Nous avons noté plus haut que l'affirmation selon laquelle la coopération entre Harel et Triple C était nécessaire n'est pas sans doute.  Au-delà de cela, et c'est important pour nos objectifs, dans ses arguments, la défense détourne l'accent du point principal, à savoir l'accord conclu entre Zeiger et Nahum pour coordonner les devis de prix qui seront soumis à Elta, selon lequel Triple C soumettra à Elta une offre supérieure à celle de Harel afin que Harel gagne.  Un tel arrangement constitue une « limitation » et une « restriction » claires par rapport au prix proposé par Triple C.  Cela relève de la catégorie des attachements absolus.  L'organisation de coordination des devis est une « chaîne nue » qui n'a aucune autre justification que de nuire à la concurrence (et ce n'est pas pour rien que la défense n'ait pas avancé une raison légitime ou une justification pour accepter de soumettre des devis coordonnés).

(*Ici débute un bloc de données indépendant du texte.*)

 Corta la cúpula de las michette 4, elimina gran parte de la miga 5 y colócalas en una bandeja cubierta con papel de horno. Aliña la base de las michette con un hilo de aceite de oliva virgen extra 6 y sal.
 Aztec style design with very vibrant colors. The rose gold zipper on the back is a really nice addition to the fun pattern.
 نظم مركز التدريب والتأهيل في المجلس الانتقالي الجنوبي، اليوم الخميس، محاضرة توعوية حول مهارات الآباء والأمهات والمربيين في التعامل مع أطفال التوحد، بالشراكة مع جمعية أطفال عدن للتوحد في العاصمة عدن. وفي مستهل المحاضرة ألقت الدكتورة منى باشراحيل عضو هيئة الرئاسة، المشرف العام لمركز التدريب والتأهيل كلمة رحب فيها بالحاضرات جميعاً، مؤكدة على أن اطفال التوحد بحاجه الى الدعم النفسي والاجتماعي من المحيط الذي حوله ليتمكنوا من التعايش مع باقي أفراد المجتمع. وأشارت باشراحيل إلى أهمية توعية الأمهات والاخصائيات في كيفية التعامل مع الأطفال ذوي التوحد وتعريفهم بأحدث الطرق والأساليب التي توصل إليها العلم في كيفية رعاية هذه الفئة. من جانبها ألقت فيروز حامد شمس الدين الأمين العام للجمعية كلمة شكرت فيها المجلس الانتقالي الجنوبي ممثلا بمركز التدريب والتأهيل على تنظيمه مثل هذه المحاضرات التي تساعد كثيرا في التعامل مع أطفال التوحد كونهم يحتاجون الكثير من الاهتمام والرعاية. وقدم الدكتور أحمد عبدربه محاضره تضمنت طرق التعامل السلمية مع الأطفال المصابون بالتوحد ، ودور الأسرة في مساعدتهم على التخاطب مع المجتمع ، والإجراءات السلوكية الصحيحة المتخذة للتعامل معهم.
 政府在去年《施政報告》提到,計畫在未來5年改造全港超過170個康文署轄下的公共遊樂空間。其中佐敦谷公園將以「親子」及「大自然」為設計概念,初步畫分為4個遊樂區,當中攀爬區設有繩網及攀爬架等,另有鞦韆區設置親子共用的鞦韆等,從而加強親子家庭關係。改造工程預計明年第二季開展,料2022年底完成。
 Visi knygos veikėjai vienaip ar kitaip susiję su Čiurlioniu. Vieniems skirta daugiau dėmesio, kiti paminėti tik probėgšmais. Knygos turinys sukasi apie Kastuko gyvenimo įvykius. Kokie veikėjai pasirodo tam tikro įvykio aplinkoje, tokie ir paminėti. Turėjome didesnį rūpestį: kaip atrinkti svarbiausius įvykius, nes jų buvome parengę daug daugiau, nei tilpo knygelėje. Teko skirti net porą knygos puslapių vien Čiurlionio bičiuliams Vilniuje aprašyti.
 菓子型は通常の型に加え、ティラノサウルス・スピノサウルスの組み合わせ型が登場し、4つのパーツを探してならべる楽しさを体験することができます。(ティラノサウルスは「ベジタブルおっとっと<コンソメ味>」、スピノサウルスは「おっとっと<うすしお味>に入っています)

Les allégations d'une telle alliance concernant la concurrence sont claires et sans équivoque (voir aussi l'affaire Wall, aux paragraphes P.A. et Triple C, à laquelle Nahum et Triple C faisaient référence, où il a été explicitement indiqué qu'« un cas de coordination des prix des enchères dans les appels d'offres...  Leur préjudice à la concurrence est évident » et, en tout cas, ils relèvent du cadre de présomptions absolues).  Concernant les diffamations de nuire à la concurrence, voir aussi ce qui est indiqué au paragraphe 993 ci-dessus.  Les affirmations selon lesquelles une demande d'approvisionnement combiné créait une réalité problématique et qu'il n'y avait pas de faisabilité de la concurrence ne justifient pas un arrangement pour coordonner les propositions.  Ces arguments sont capables de saper les présomptions absolues et de les vider de leur contenu (voir et comparer : l'affaire Ariel au paragraphe 20).  Quoi qu'il en soit, dans la mesure où la concurrence n'était pas faisable, il n'a pas été clarifié pourquoi les parties se sont donné la peine de s'accorder sur la coordination des propositions qu'elles allaient soumettre.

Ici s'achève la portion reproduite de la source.